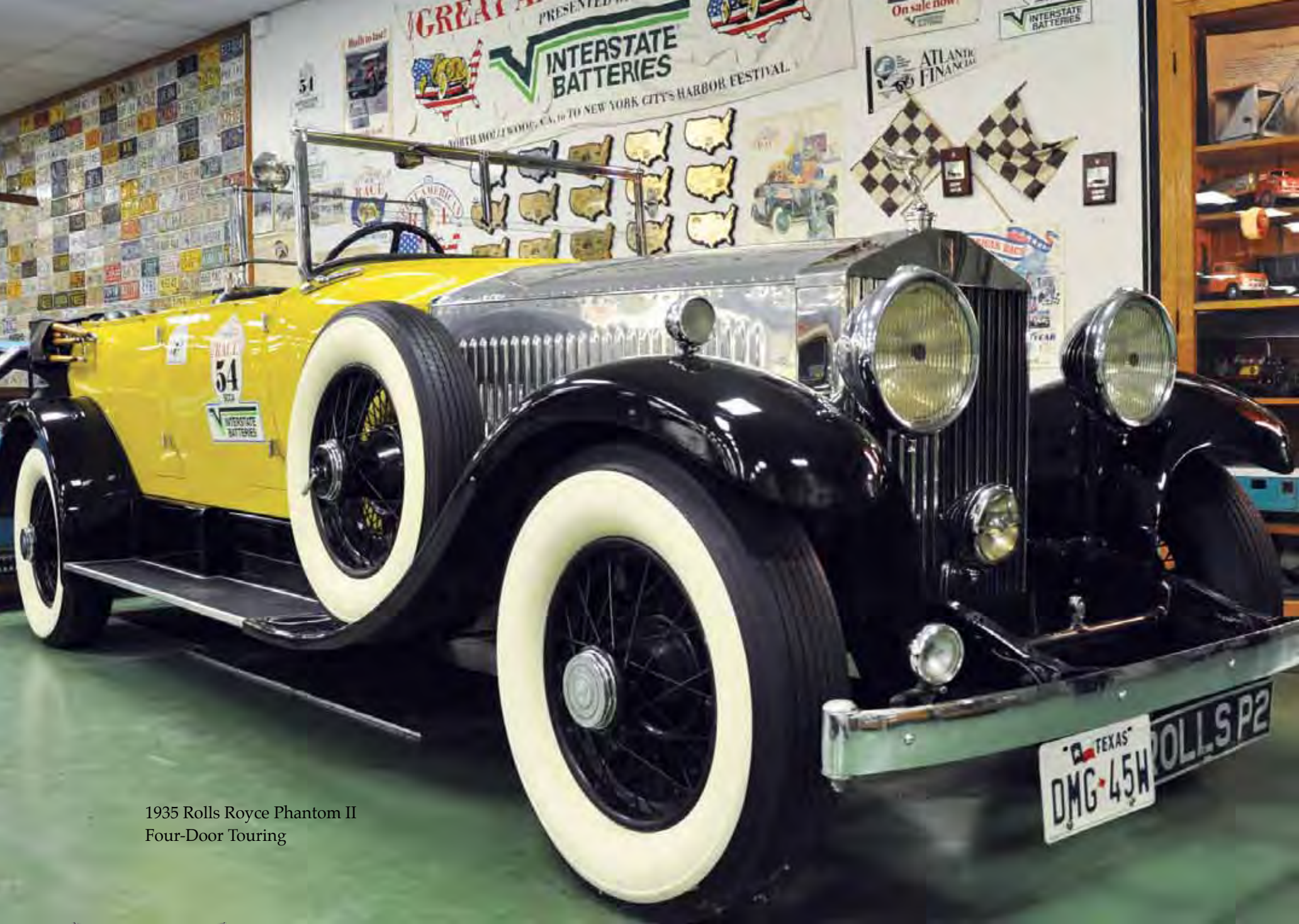
1935 Rolls Royce Phantom II Four-Door Touring
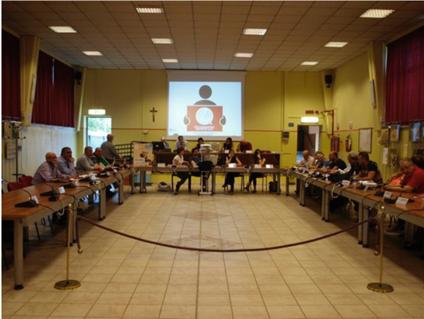
Fig. 11.1 Public meetings with the engaged stakeholders
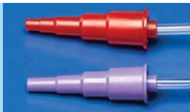
Redesigned stepped connector has a larger tip and fewer steps to reduce misconnections
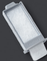
Reusable pollen filter
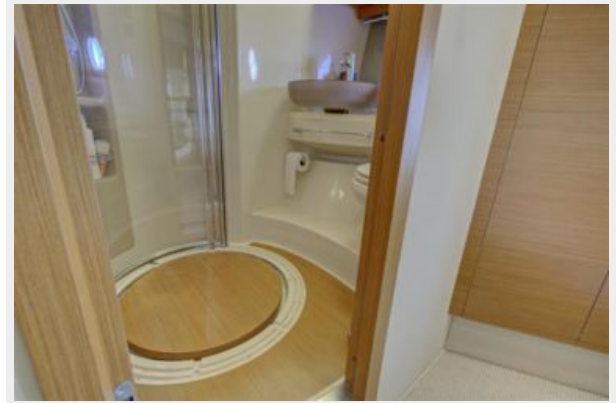
47 AZIMUT (24)
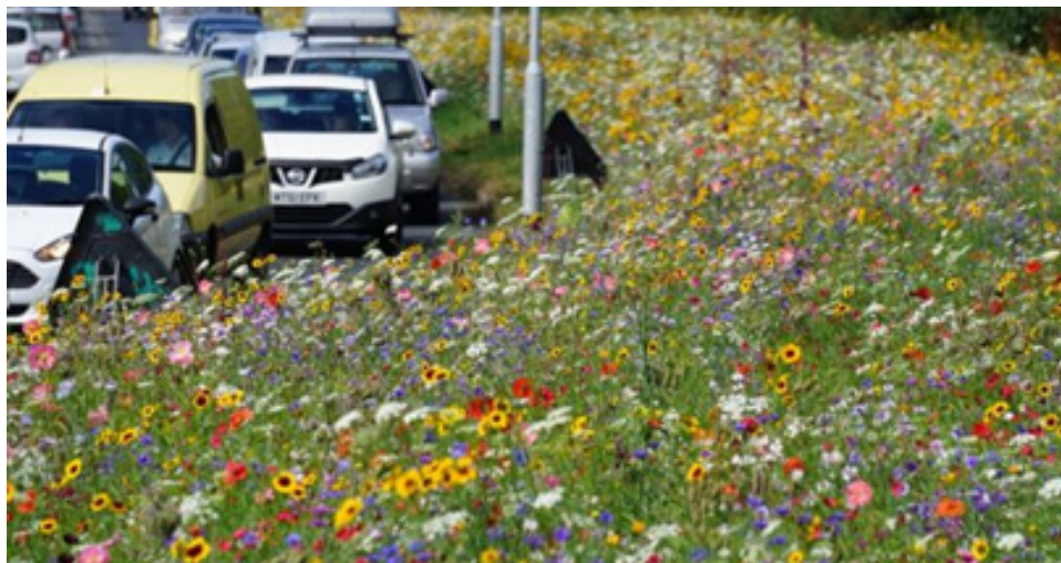
Rotherham Council: Eight miles of roadside wildflower meadows

In the UK more than 65,000 people have now signed a petition encouraging councils across the UK to allow wildflower meadows to grow on roadside verges. Councils seem to be listening. In just one example Rotherham Borough Council has established eight miles of meadows alongside a motorway, saving £23,000 per year on mowing costs.
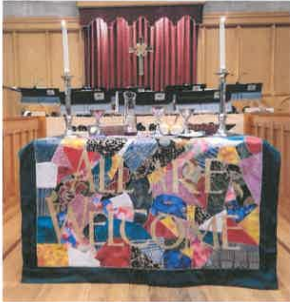
Tablecloth created for World Communion Sunday.
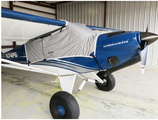
Cub Crafters Carbon Cub Travel Weight Canopy Cover
----
(REQUIREMENT)
Each entry above should come back word for word, and no picture should come with it.

(ANSWER FOR THIS EXERCISE)
1935 Rolls Royce Phantom II Four-Door Touring
Fig. 11.1 Public meetings with the engaged stakeholders
Redesigned stepped connector has a larger tip and fewer steps to reduce misconnections
Reusable pollen filter
47 AZIMUT (24)
Rotherham Council: Eight miles of roadside wildflower meadows

In the UK more than 65,000 people have now signed a petition encouraging councils across the UK to allow wildflower meadows to grow on roadside verges. Councils seem to be listening. In just one example Rotherham Borough Council has established eight miles of meadows alongside a motorway, saving £23,000 per year on mowing costs.
Tablecloth created for World Communion Sunday.
Cub Crafters Carbon Cub Travel Weight Canopy Cover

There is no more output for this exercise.